Carnivores can “afford” to “go short” with their gestation, and maybe for them it is more efficient to grow a baby outside the womb. Because they live near the top of the food chain, carnivores can “afford” to give birth to more altricial babies in a cave or den, and to raise their babies there. Bears especially can use their body reserves to nourish a growing fetus during a short gestation, and then can use different body reserves to nourish an altricial newborn with their fatty milk.
National Zoo panda Mei Xiang gave birth Saturday afternoon to twin cubs just days after zoo officials confirmed she was pregnant. (Video: Smithsonian National Zoo)

The altricial nature of panda cubs poses a challenge for scientists at the National Zoo who are trying to keep the two cubs alive and healthy. They were born Saturday, one at 138 grams and the other at just 86 grams.

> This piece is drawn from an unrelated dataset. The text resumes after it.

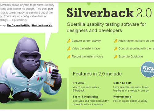 Silverback 一个用于设计人员和开发人员通过捕获屏幕活动来进行可用性测试的软件,可以记录测试者的表情和声音,有批量导出功能并可以标示出任何值得注意的时刻。

The scientists for now call them "the larger cub" and "the smaller cub."

[Panda twin cubs are special to the National Zoo, but they're not rare worldwide]

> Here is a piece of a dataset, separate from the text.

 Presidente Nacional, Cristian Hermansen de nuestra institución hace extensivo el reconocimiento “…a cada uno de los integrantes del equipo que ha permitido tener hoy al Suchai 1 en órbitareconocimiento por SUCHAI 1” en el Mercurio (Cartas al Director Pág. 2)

They have had mixed results in their efforts to swap out the two cubs so that the mother, Mei Xiang, spends time with, and bonds with, both of them. Late Sunday night, the panda team tried and failed for hours to get Mei Xiang to leave the larger cub and move to the smaller cub that had been placed in the den. The team finally succeeded about 7 a.m. Monday. As of late Monday the cubs appeared to be healthy, said Zoo spokesperson Pamela Baker-Masson.

She said of Mei Xiang, “Just as she is learning how to manage cubs, so are we.”

Update Tuesday 12:30 p.m.:

The Zoo has issued the following bulletin about the panda cubs:

Mei Xiang has not been a willing participant in the panda team’s efforts to switch the cubs since 2 p.m. yesterday afternoon. She has the larger cub in her possession. The panda team is caring for the smaller cub and will continue efforts to swap the cubs about every four hours. However, because the smaller cub has been away from Mei, the panda team is now managing it more intensely. The little cub’s behaviors are good. The team is concerned about its fluctuating weight since the cub is now more than 48 hours old. The most important thing for the panda team is to help the cub get enough fluids and nutrients. To accomplish this, they are bottle and tube feeding the cub. The cub has shown some signs of regurgitation which can lead to aspiration in such a tiny creature. To be prudent, the veterinarians are administering antibiotics to prevent possible infection. It’s very important to keep the cub hydrated so they are alternating an infant electrolyte solution with formula and administering fluids under the skin. The cub is urinating and defecating well. The veterinarians have not seen any sign of respiratory distress.
Our observations of the larger cub from yesterday indicate it is doing well and we’re confident Mei Xiang is taking very good care of it. We remain in a high-risk period.